_Available data:_
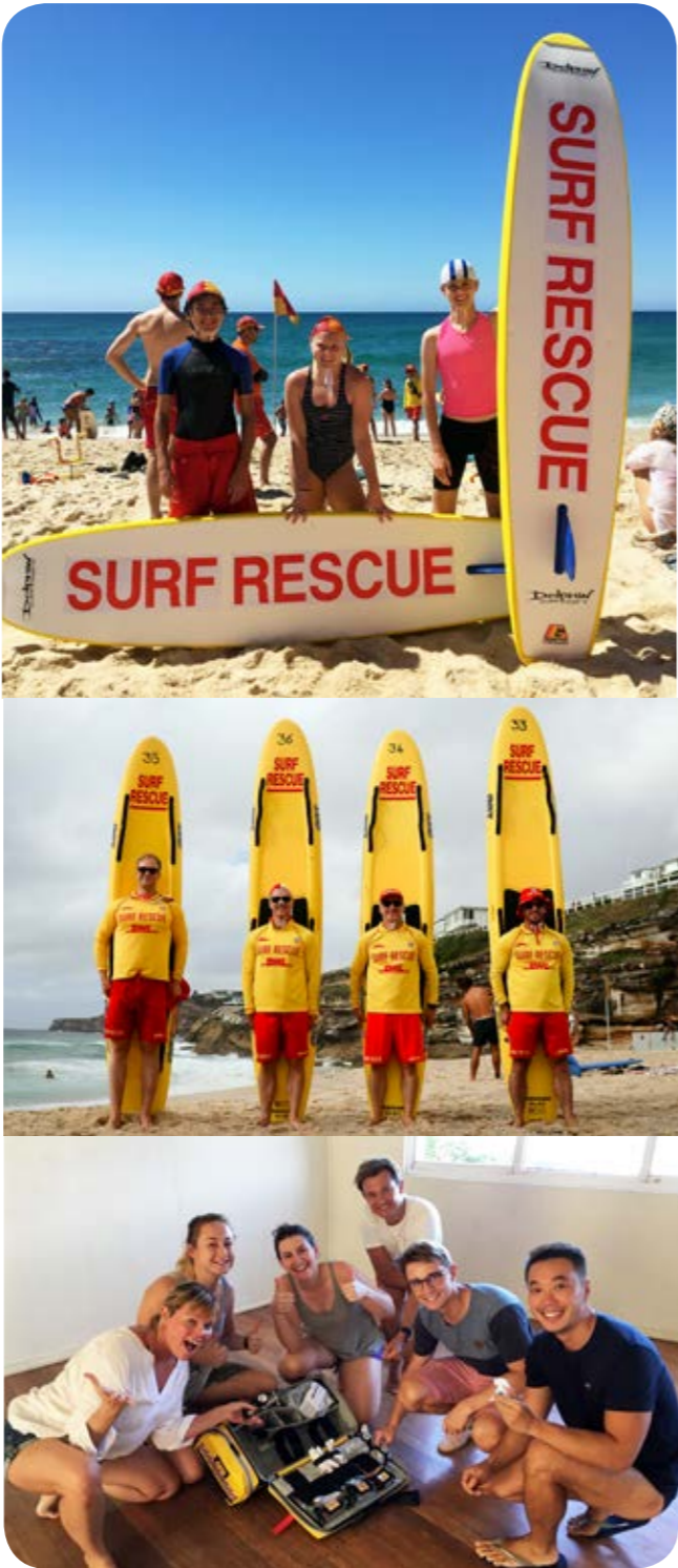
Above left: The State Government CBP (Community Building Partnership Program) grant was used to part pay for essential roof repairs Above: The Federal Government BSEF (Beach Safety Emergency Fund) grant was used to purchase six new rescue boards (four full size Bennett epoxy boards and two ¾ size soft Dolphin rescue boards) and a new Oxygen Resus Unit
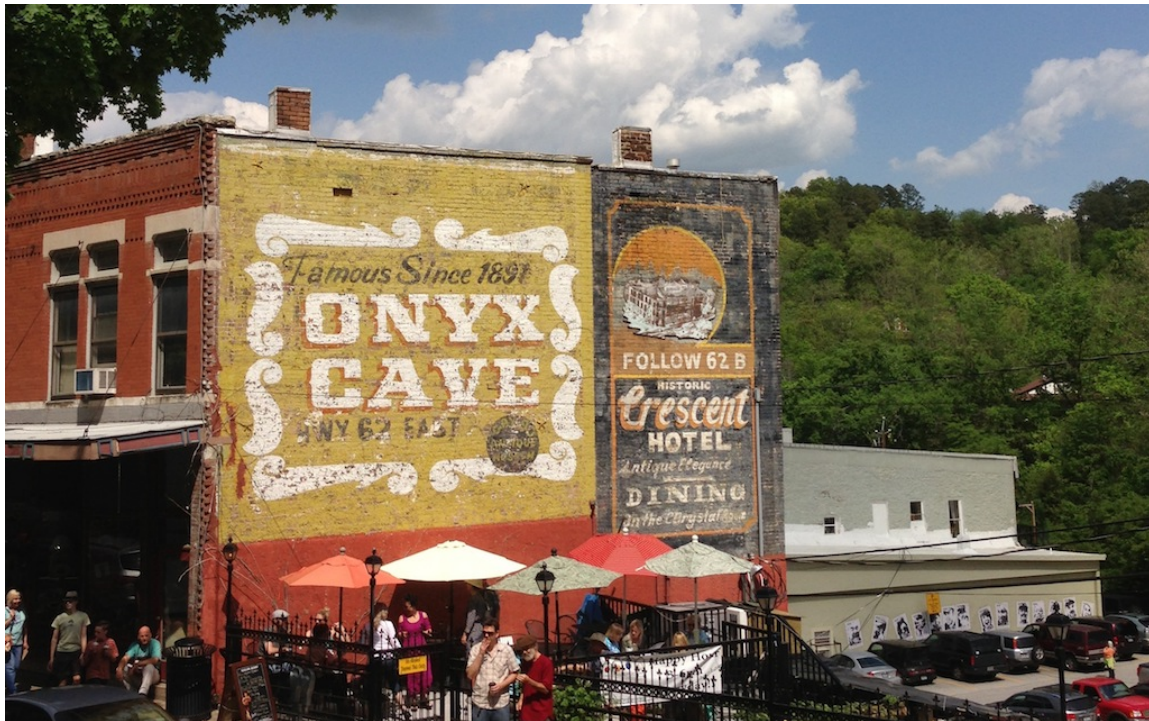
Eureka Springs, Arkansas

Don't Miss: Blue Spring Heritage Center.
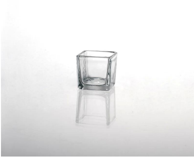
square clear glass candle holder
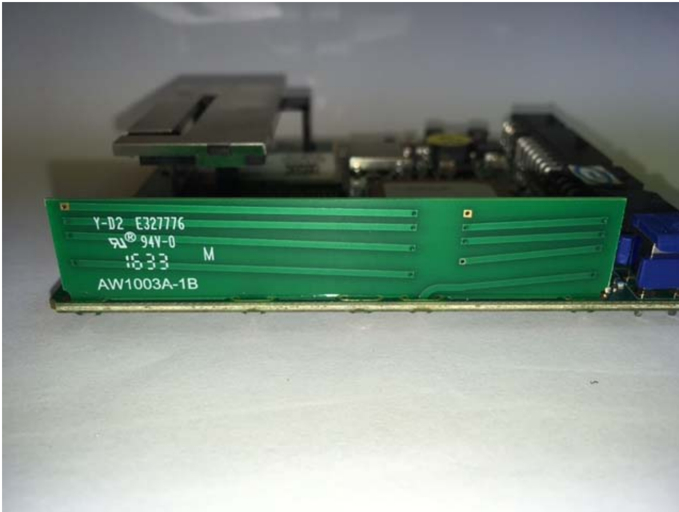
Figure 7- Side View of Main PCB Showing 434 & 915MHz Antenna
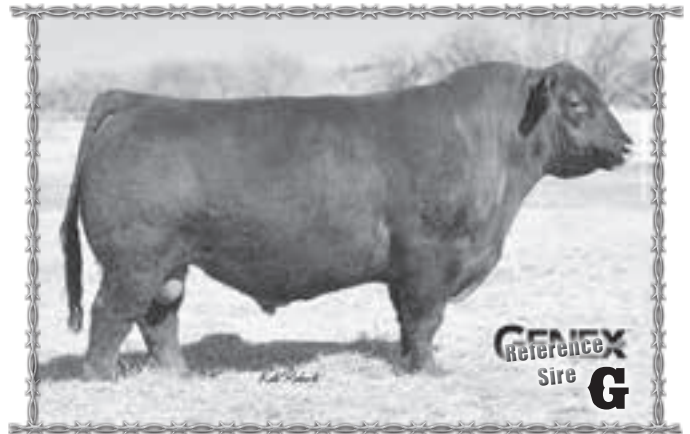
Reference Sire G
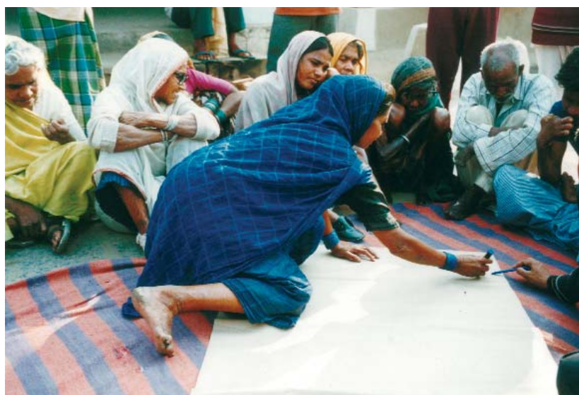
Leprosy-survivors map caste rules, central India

_Try it:_
Retype, exactly as written, each line from the one containing "Eureka Springs, Arkansas" through the end of the data above, and leave out every picture.

_Solved exercise:_
Eureka Springs, Arkansas

Don't Miss: Blue Spring Heritage Center.
square clear glass candle holder
Figure 7- Side View of Main PCB Showing 434 & 915MHz Antenna
Reference Sire G
Leprosy-survivors map caste rules, central India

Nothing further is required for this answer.